- _Your objective_
Every line of the listing below should be written out exactly, minus its pictures.

----- Given records

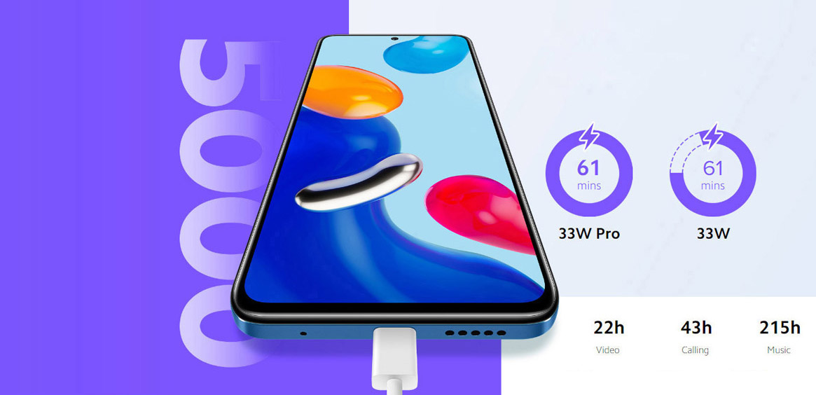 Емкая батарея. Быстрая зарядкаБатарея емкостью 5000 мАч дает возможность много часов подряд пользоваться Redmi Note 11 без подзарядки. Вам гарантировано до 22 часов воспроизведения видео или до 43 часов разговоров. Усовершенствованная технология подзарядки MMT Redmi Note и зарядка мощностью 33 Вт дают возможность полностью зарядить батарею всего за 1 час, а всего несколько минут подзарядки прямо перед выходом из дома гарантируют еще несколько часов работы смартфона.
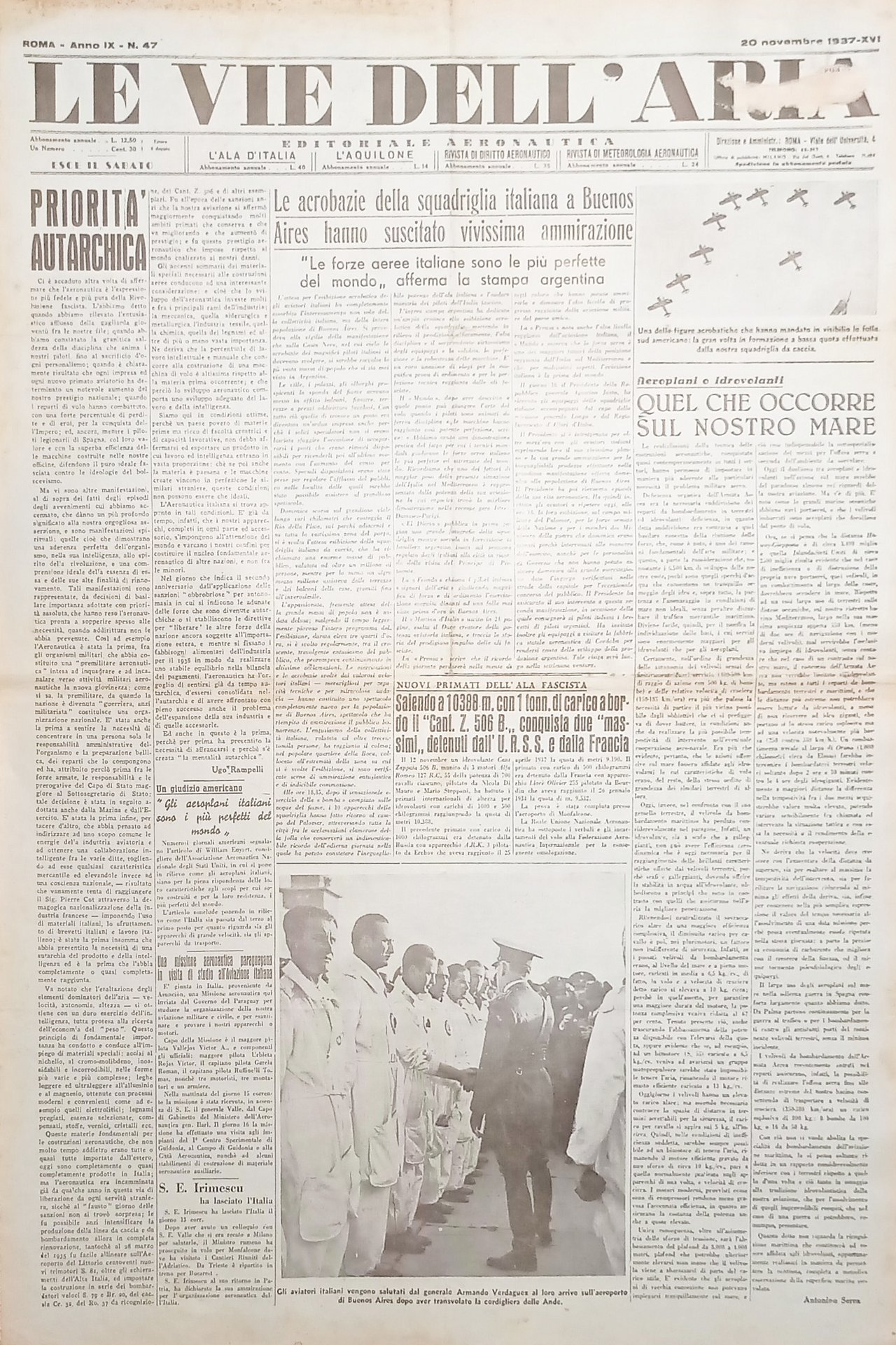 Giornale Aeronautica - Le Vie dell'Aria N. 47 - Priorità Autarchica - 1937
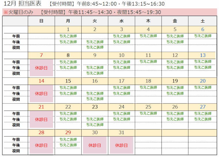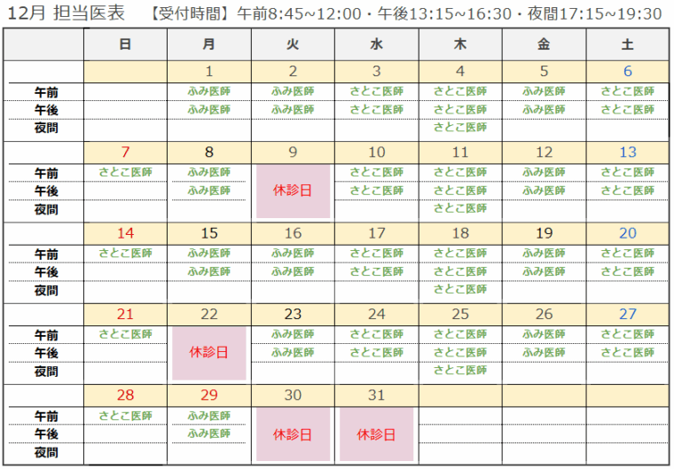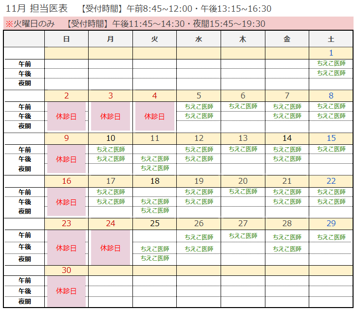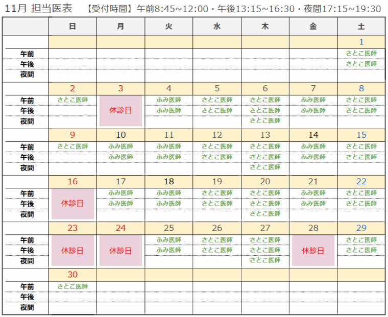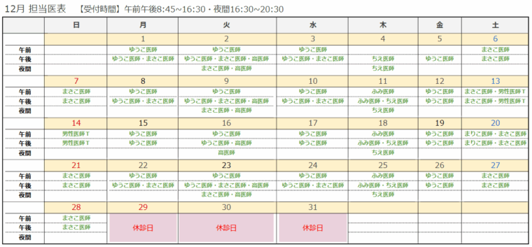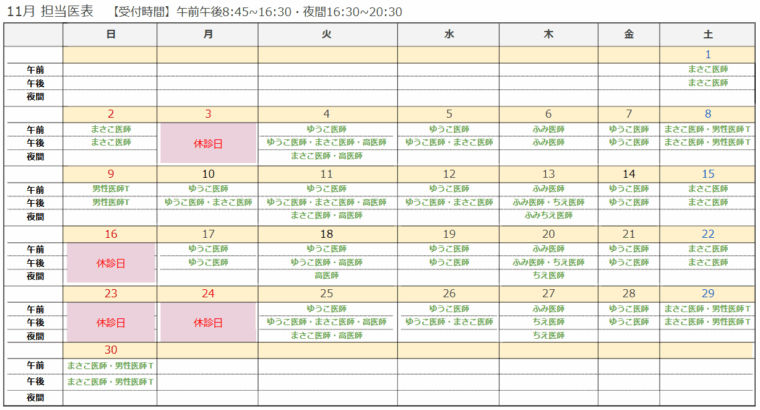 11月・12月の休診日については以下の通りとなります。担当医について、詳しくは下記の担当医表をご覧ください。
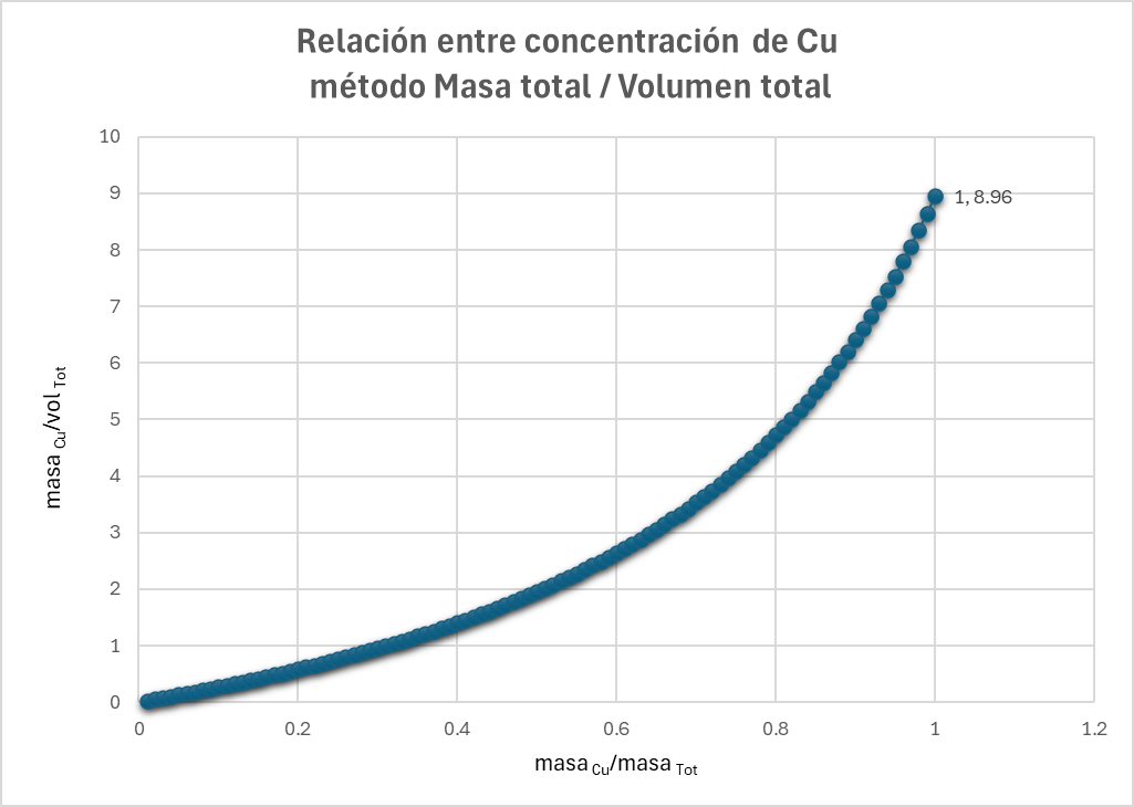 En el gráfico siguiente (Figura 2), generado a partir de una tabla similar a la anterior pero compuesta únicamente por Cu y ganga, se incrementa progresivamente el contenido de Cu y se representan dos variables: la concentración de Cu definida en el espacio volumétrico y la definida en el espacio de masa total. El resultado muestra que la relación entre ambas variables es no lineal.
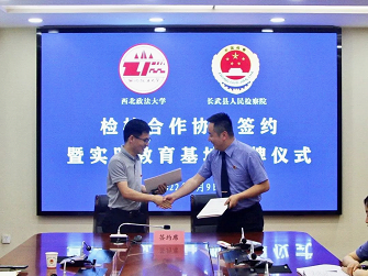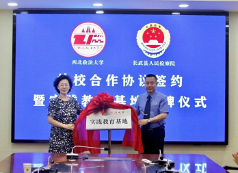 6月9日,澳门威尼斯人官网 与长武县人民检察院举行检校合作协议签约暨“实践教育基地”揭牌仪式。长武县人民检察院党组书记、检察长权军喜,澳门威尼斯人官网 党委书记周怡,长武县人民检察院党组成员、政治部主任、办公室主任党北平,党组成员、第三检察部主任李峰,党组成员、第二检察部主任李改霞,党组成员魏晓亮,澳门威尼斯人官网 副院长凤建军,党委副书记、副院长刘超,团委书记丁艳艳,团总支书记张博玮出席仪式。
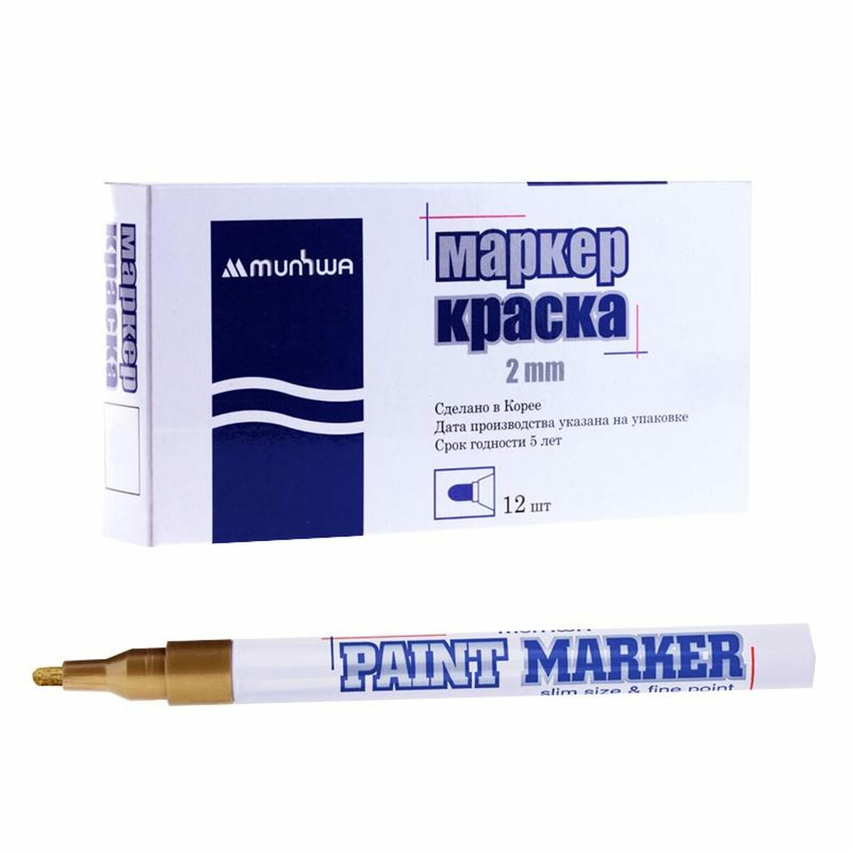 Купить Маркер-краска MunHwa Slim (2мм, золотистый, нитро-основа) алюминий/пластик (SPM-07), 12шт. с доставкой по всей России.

----------

- _Solution to this problem_
 Емкая батарея. Быстрая зарядкаБатарея емкостью 5000 мАч дает возможность много часов подряд пользоваться Redmi Note 11 без подзарядки. Вам гарантировано до 22 часов воспроизведения видео или до 43 часов разговоров. Усовершенствованная технология подзарядки MMT Redmi Note и зарядка мощностью 33 Вт дают возможность полностью зарядить батарею всего за 1 час, а всего несколько минут подзарядки прямо перед выходом из дома гарантируют еще несколько часов работы смартфона.
 Giornale Aeronautica - Le Vie dell'Aria N. 47 - Priorità Autarchica - 1937
 11月・12月の休診日については以下の通りとなります。担当医について、詳しくは下記の担当医表をご覧ください。
 En el gráfico siguiente (Figura 2), generado a partir de una tabla similar a la anterior pero compuesta únicamente por Cu y ganga, se incrementa progresivamente el contenido de Cu y se representan dos variables: la concentración de Cu definida en el espacio volumétrico y la definida en el espacio de masa total. El resultado muestra que la relación entre ambas variables es no lineal.
 6月9日,澳门威尼斯人官网 与长武县人民检察院举行检校合作协议签约暨“实践教育基地”揭牌仪式。长武县人民检察院党组书记、检察长权军喜,澳门威尼斯人官网 党委书记周怡,长武县人民检察院党组成员、政治部主任、办公室主任党北平,党组成员、第三检察部主任李峰,党组成员、第二检察部主任李改霞,党组成员魏晓亮,澳门威尼斯人官网 副院长凤建军,党委副书记、副院长刘超,团委书记丁艳艳,团总支书记张博玮出席仪式。
 Купить Маркер-краска MunHwa Slim (2мм, золотистый, нитро-основа) алюминий/пластик (SPM-07), 12шт. с доставкой по всей России.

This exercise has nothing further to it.